Ryabkov's announcement underscores the exchange as a priority project, functioning alongside a BRICS gold currency initiative and a grain exchange. He highlighted its importance during recent statements, noting, “There is also a recent, but very important, initiative to create an exchange of precious metals, along with a grain exchange.” This move builds on prior discussions by Russian Foreign Minister Sergey Lavrov regarding a common investment platform, extending into a more specialized trading infrastructure.
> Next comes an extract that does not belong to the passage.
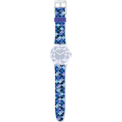 Dieses Swatch Uhrarmband ist aus silikon gefertigt und wird mit stahlstifte an der Uhr befestigt. Das Band hat eine Breite von 21.3 mm und wird mit einer dornschließe geschlossen. Das Uhrenarmband hat keine gerade Halterung, was bedeutet, dass dieses Band nur für die unten aufgeführten Uhren geeignet ist.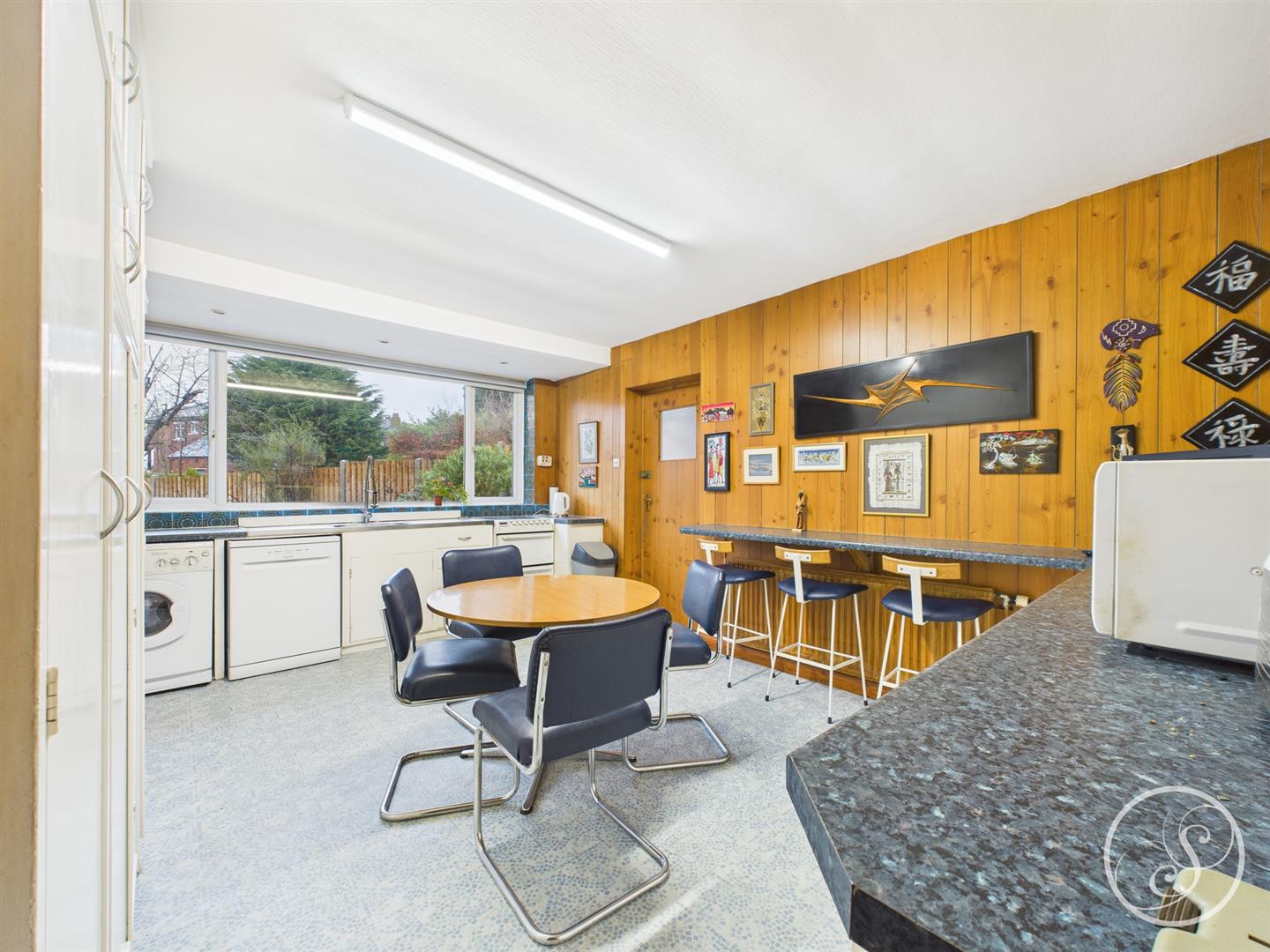 Kitchen - Generous sized kitchen overlooks the rear garden and offers space for a more informal dining table. Large pantry cupboard provides extra storage space. The kitchen leads through to a lobby area with two storage rooms, one housing the boiler and through to the third reception room currently used as an office.

The framework leverages special economic zones, which exist in nearly all BRICS member countries, to support precious metals trading operations. These zones will host the exchange, providing the necessary infrastructure for seamless BRICS-wide activities and reducing reliance on external financial structures.
Russian officials have positioned the Precious Metals Exchange as a key step toward financial independence. By creating dedicated platforms for commodities like precious metals and grains, BRICS nations seek to mitigate risks associated with sanctions and fluctuating global markets controlled by Western entities.
Russian Finance Minister Anton Siluanov has also been referenced in connection with these developments, signaling high-level governmental backing for the initiative. The confirmation from Ryabkov at the time of reporting solidifies the exchange's status as an imminent reality within the BRICS economic agenda.
This progression reflects broader efforts by BRICS to foster a new global order, with the Precious Metals Exchange serving as a cornerstone in diversifying trade mechanisms beyond traditional dollar-centric systems.